Full Feature Solutions
Run your simulation synchronized across 64 separate computers without changing a single line of code. Everything you do in Vizard VR Software Toolkit, regardless of how complex the features you utilize, can be supercharged to run across a multiple PC cluster. Doing so let’s you light up more screens in a CAVE™ or increase your render performance in a head-mounted display application. If you want to install more than one GPU in a single PC, clustering is the method to utilize the extra hardware and build your own graphics supercomputer.
Augmented reality is a live view of the real world with virtual elements superimposed on the scene. When used with a head-mounted display, a user can move about a physical environment and see computer generated objects attached to the physical scene. When used with a desktop or handheld screen, users can experience an almost magical visual effect of seeing 3D object suddenly floating before themselves.
Vizard Virtual Reality Toolkit uses the widely known AR Toolworks (the commercial version of AR Toolkit) and another technology by Taiwanese Gathertek. Both virtual reality software technologies provide robust fiducial and natural feature based tracking.

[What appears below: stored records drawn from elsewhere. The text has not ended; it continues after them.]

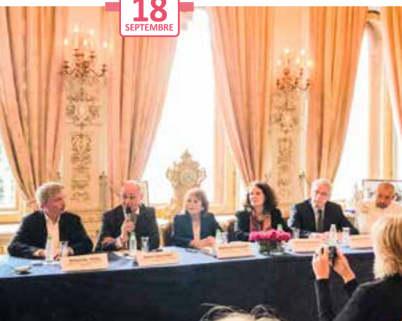
Rencontre de presse à la résidence de l'Ambassadeur de France à Moscou, avec les différents partenaires associés à l'opération de l'Agence d'attractivité d'Alsace Résidence de l'Ambassadeur de France à Moscou
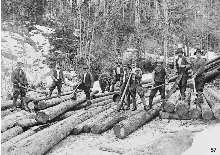
Fig. 57 Bûcherons au travail, début du 20 e siècle.

Boscaioli al lavoro, inizi del XX secolo.
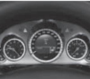
Kombiinstrument in silber
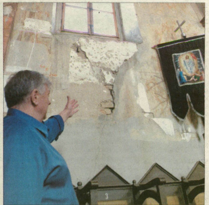
A szerb ortodox egyháztól várják a segítséget a szőregiek. Három hónap alatt elvégezhető lenne a munka
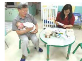
1/18 疫苗施打 / 桃馨園 / 吉兒診所
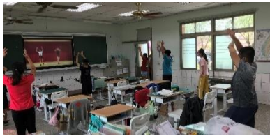
利用大電視在班級進行健康操運動，關注學生體能
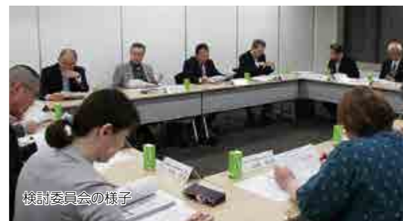
検討委員会の様子

一方、この計画の普及・啓発ですが、将来の高梁市の医療がどのような方向を目指しているのか、関係者の皆さんにも理解していただき、日々の業務に役立てていただきたいと思います。 司会 最後に、高梁市医療計画検討委員会の会長である中角さんか
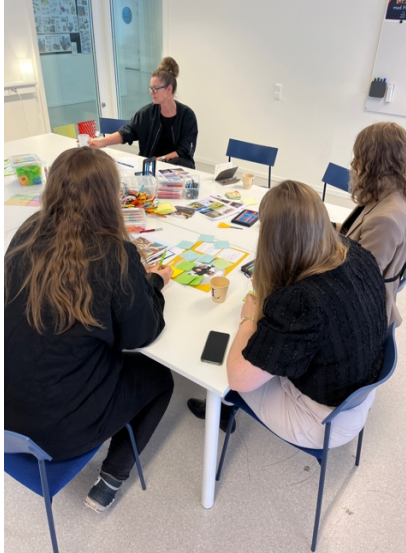
Figur 1. Visar en av workshopparna tillsammans med deltagare för att utforska vad ett smart hem kan vara.

Som en del av den prototypbaserade metodiken utvecklades även fysiska prototyper av Designgruppen/LTU, en slags "lampa" som endast kan laddas inom ramen för en lokal "energy community".
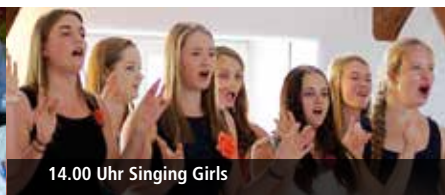
14.00 Uhr Singing Girls
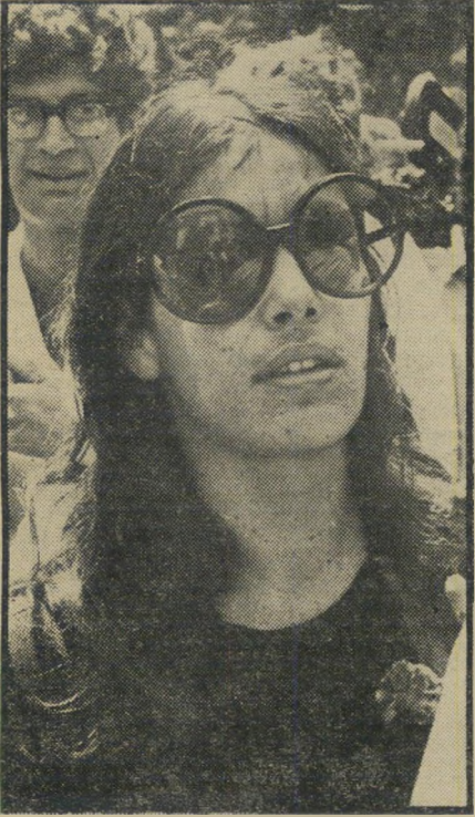
ניבה דנור „אמרת“

אולם הזמן עשה את שלו. בשורה של מיבצעים — בפיתחת-רפיה, בעקרבה, ב"ברעם ואיקרית — מצאו אנשי העולם הזה ואנשי שי"ח את עצמם בשורה אחת, יחד עם האופוזיציה של מק"י. אותו מצב
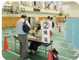
ワクチン集団接種
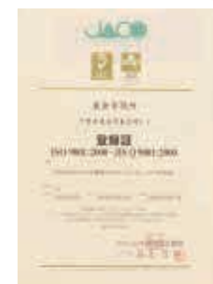
ISO9001認証(平成15年) ISO 9001 certification 品質に関する国際規格。組織を効率良く効果的に動かすためのシステムです。

東金市では、新しい時代にふさわしい市役所の経営管理を行うため、二つのISO認証を取得しました。これは、実際に何をやるか宣言し、きちんと実行されているかを内外から評価、改善を続けていくシステムです。 ISO14001は、仕事をするとき環境に配慮して、地球にやさしい取り組みをするというものです。具体的には、電気・ガスの省エネや事務用紙の節約などにとり、ケナフの栽培や環境イベント(アースセレブレーション)の開催など、環境にやさしい活動
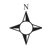
PŘÍLOHA 1 - TECHNICKÁ INFRASTRUKTURA - VODNÍ HOSPODÁŘSTVÍ schema Zvoleněves - M 1:10000

zásobovací řad veřejného vodovodu vodovodní řady stoky splaškové oddílné kanalizace čerpací stanice odpadních vod čistírna odpadních vod zatrubněný vodní tok aktivní zóna záplavového území Knovízského potoka hranice Q100 záplavového území Knovízského potoka
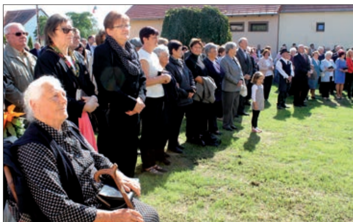
Na otvaranje muzeja čuda Petrovišćanov je došlo i iz drugih naselj
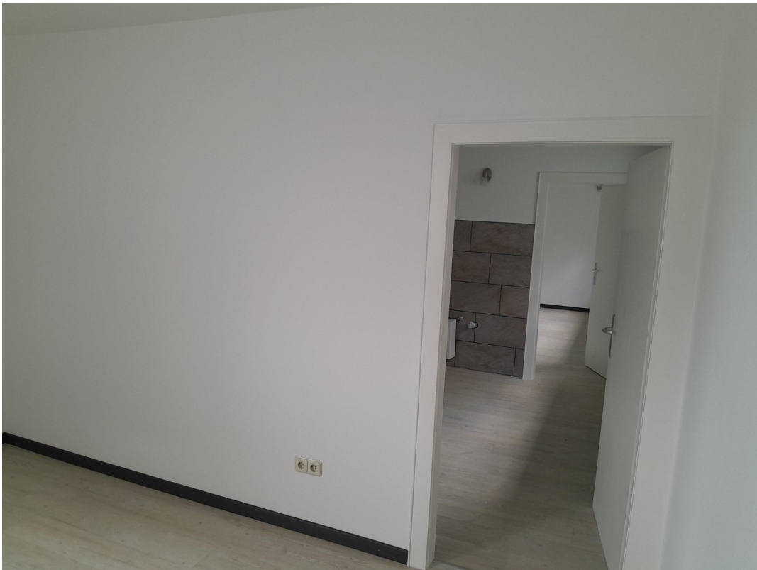
Raum 11-12-13 aktuell Bild 2
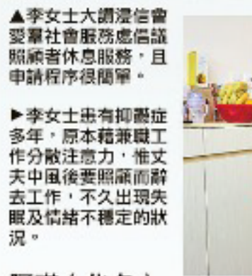
▲李女士大讚浸信會愛羣社會服務處信託照顧者休息服務，且申請程序很簡單。

李女士表示，之前精神十分緊張，得到中心幫助，定期讓她釋放情緒：「不用做每件事都急匆匆，可以放慢步伐，減少心理壓力。」現在她在放假期間，會去做電療按摩，舒緩因照顧而出現的膝痠背痛，也讓自己心靈得到放鬆。身為過來人，李女士明白每周有休息日的重要性：「就像橡筋繃得太緊，也有機會斷的。」
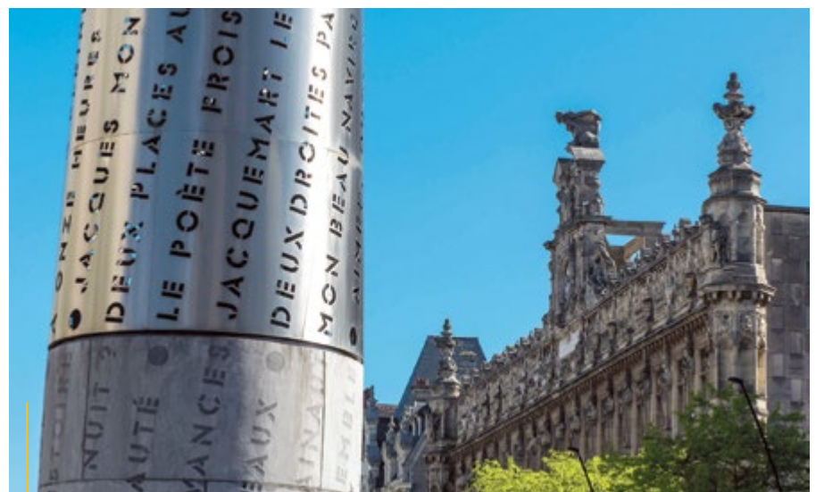
Na pierwszym planie nietypowa, strzelista dzwonnica, której ściany pokrywa wygrawerowany tekst litanii. W tle ratusz z ozdobną fasadą
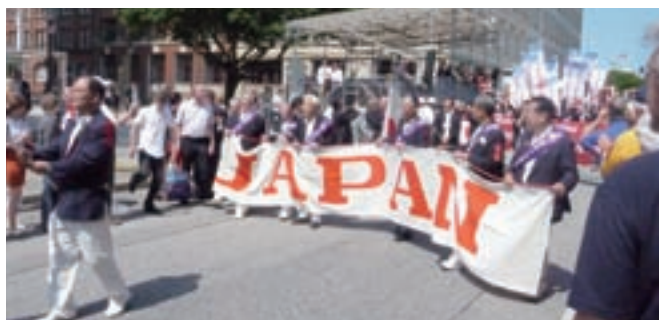
ハンブルク大会のパレード①

「2016年ライオンズクラブ国際大会」の福岡開催が決定していますが、福岡大会は、国内外から約3万5千人の参加が見込まれる国際大会であり、期間中、参加者による趣向を凝らしたパレード、約2万人が参加する開会式や総会、国際ショーなど、盛りだくさんの行事が予定されています。
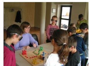
Les enfants découvrent comment vivre avec la cécité

Based on ODE (Open Dynamics Engine), our open source physics approach provides a high performance library for simulating rigid body dynamics. It features advanced joint types and integrated collision detection with friction. This physics engine is especially useful for simulating vehicles, objects in virtual reality environments, and robotics simulation applications such as mobile robot locomotion and grasping.
SDK / Extendability
The Vizard SDK gives C++ developers the ability to extend the functionality of Vizard. The SDK is used to create DLL plug-ins that can interface with Vizard virtual reality scripts. The plug-ins can be used for many things, including:
Access to underlying OpenSceneGraph objects (nodes, textures, etc.)
Creating custom OpenSceneGraph nodes and textures
Interfacing with hardware devices (trackers, sensors, etc.)
OpenSceneGraph 3.0 is used at Vizard’s core which provide a flexible platform for you to further extend its capabilities.